TRY IT: Exactly reproduce the line containing "Puntea usoara se" and all later lines to the end of the entries, leaving the pictures out of your copy.

Start of MATERIAL PROVIDED

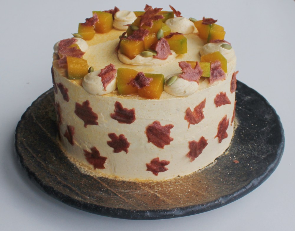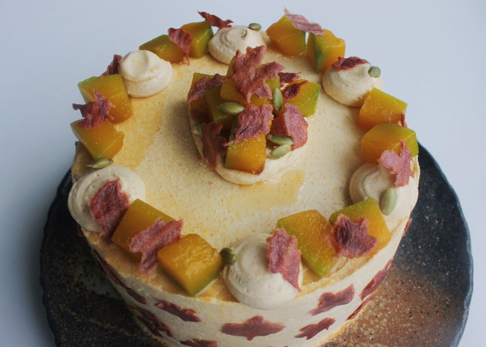 For the components, we have an acorn-kinako chiffon cake, maple-candied pumpkin, a maple-kinako French buttercream, and red acorn-maple tuiles. When it came to the ingredients, there I feel like maple might be the one people are the most familiar with. Maple syrup, or at least real maple syrup, has subtle earthy notes and a pleasant aroma to it. I love using maple in desserts, but I understand that real maple can be expensive, so you can sub it out with equal parts brown sugar with 1/4 tsp maple extract, or maple sugar! I also kept the price point of maple in mind, since it is a really pricy product, which is why I figured, rather than pouring out the maple poaching liquid I used for the pumpkin, I would rather recycle it into a bunch of the components, namely reducing it down into a soaking syrup for the chiffon cake and using the rest of it in the buttercream! The squash is being treated in a similar way to Mexican candied pumpkin(calabaza en tacha), in that it is being slowly braised in a dark, rich syrup. I did not use cinnamon in this recipe, just because cinnamon isn’t used commonly in Japanese desserts, and I wanted to keep this cake clean and true to that. Acorn flour/starch might be the one people are the least familiar with, but just treat it like flour, minus the gluten. I used xanthan gum as well as a more generous amount of brown butter compared to my usual chiffon cakes to help the cakes stay soft and not-dry. I opted to naturally dye my tuiles with beet powder, but you can also just use food coloring too. When it came to the tuiles, I used the same maple leaf stencil I used to spray my Maple langue de chaats, but you can use whichever stencils you can get ahold us – in the past, I literally would cut out leaf shape holes in card stock and just used that. The pepitas, or pumpkin seeds, are purely there for garnish, and you can 100% omit those if you want! I only have them handy in my pantry since I make lots of mole at home.
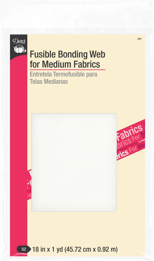 Dritz Fusible Bonding Web – Medium – White – 18″ x 1 yd. is a great no-sew tool for quick and easy results. Great for hems, trims and belts. Washable and dry cleanable; 100% Polyamide;
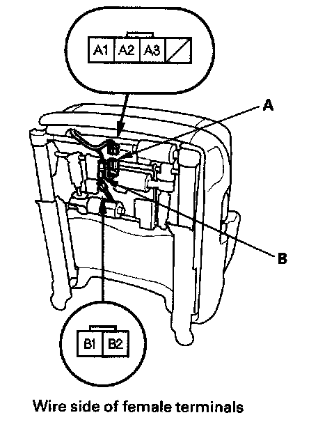 3. Check for continuity between the B1 and B2 terminals of the seat-back heater 2P connector. There should be continuity.
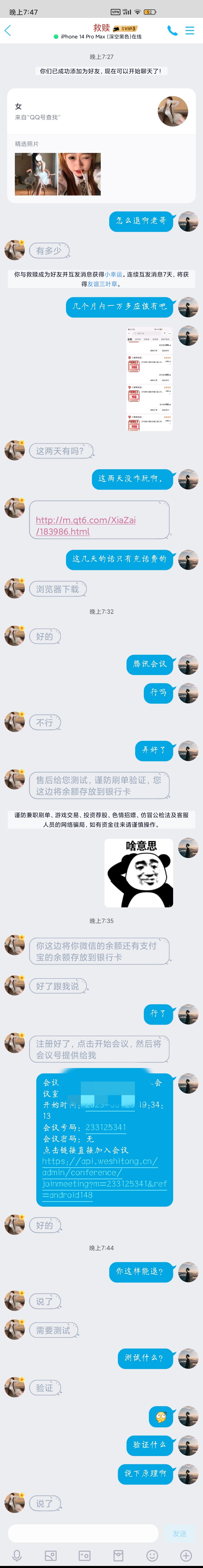 看了你的帖子我去加了个人,他妈的又没说怎么退,就看微信账单,支付宝账单,口令红包记录,说售后测试什么的,听他口音有点像缅甸佬
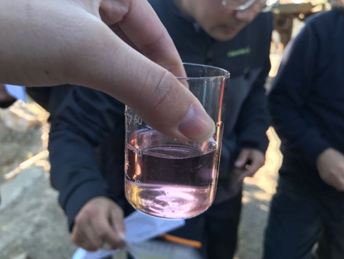 志愿者一行首先来到了南丰产河,绿邻居的张春树老师细心讲解水质标准,教授检测方法,带领志愿者采集水样,监测河流水质。本次检测的主要指标是河道水体PH值、矿物质含量及余氯含量。张老师指出,最关键的检测指标是PH值,PH值为7时最佳,小于7时表明可能存在工业废水严重乱排的现象,大于7小于8.5时表明水质在可控范围内,大于8.5时表明可能存在居民生活废水排放较多的现象。
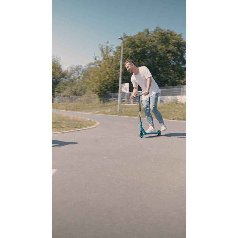 Puntea usoara se ridica cu usurinta de pe sol, ceea ce face trotineta excelenta pentru a efectua trucuri. Suprafata anti-alunecare asigura un nivel ridicat de siguranta.
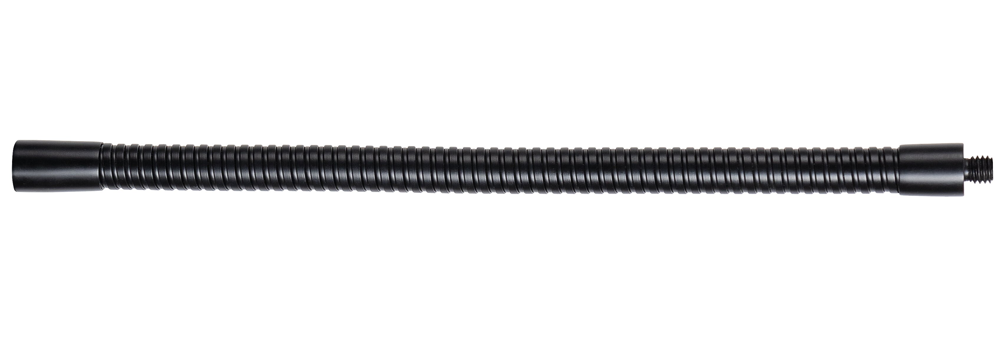 Robust and flexible gooseneck. Durable steel material with black powder coating. The connection threads are 3/8” on both sides, one inside/one outside. The length is 11.811" with a diameter of 0.59". Weight: 0.485 lbs.
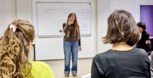 Sauf que l’art du discours, ce n’est pas qu’un texte : il est aussi incarné. Pour cela, voyage dans la salle d’à côté où Laetitia Hipp, comédienne, transmet les bases de l’expression scénique. Mise en voix d’un texte, improvisations, posture, débit, déplacements dans l’espace : avec cette professionnelle de l’art oratoire, les aspirants au concours – dont la finale aura lieu le 2 mai prochain après 6 tours de sélection préalables – sauront à la perfection vivre ce qu’il·elles disent.

End of MATERIAL PROVIDED

ANSWER BOX:
 Puntea usoara se ridica cu usurinta de pe sol, ceea ce face trotineta excelenta pentru a efectua trucuri. Suprafata anti-alunecare asigura un nivel ridicat de siguranta.
 Robust and flexible gooseneck. Durable steel material with black powder coating. The connection threads are 3/8” on both sides, one inside/one outside. The length is 11.811" with a diameter of 0.59". Weight: 0.485 lbs.
 Sauf que l’art du discours, ce n’est pas qu’un texte : il est aussi incarné. Pour cela, voyage dans la salle d’à côté où Laetitia Hipp, comédienne, transmet les bases de l’expression scénique. Mise en voix d’un texte, improvisations, posture, débit, déplacements dans l’espace : avec cette professionnelle de l’art oratoire, les aspirants au concours – dont la finale aura lieu le 2 mai prochain après 6 tours de sélection préalables – sauront à la perfection vivre ce qu’il·elles disent.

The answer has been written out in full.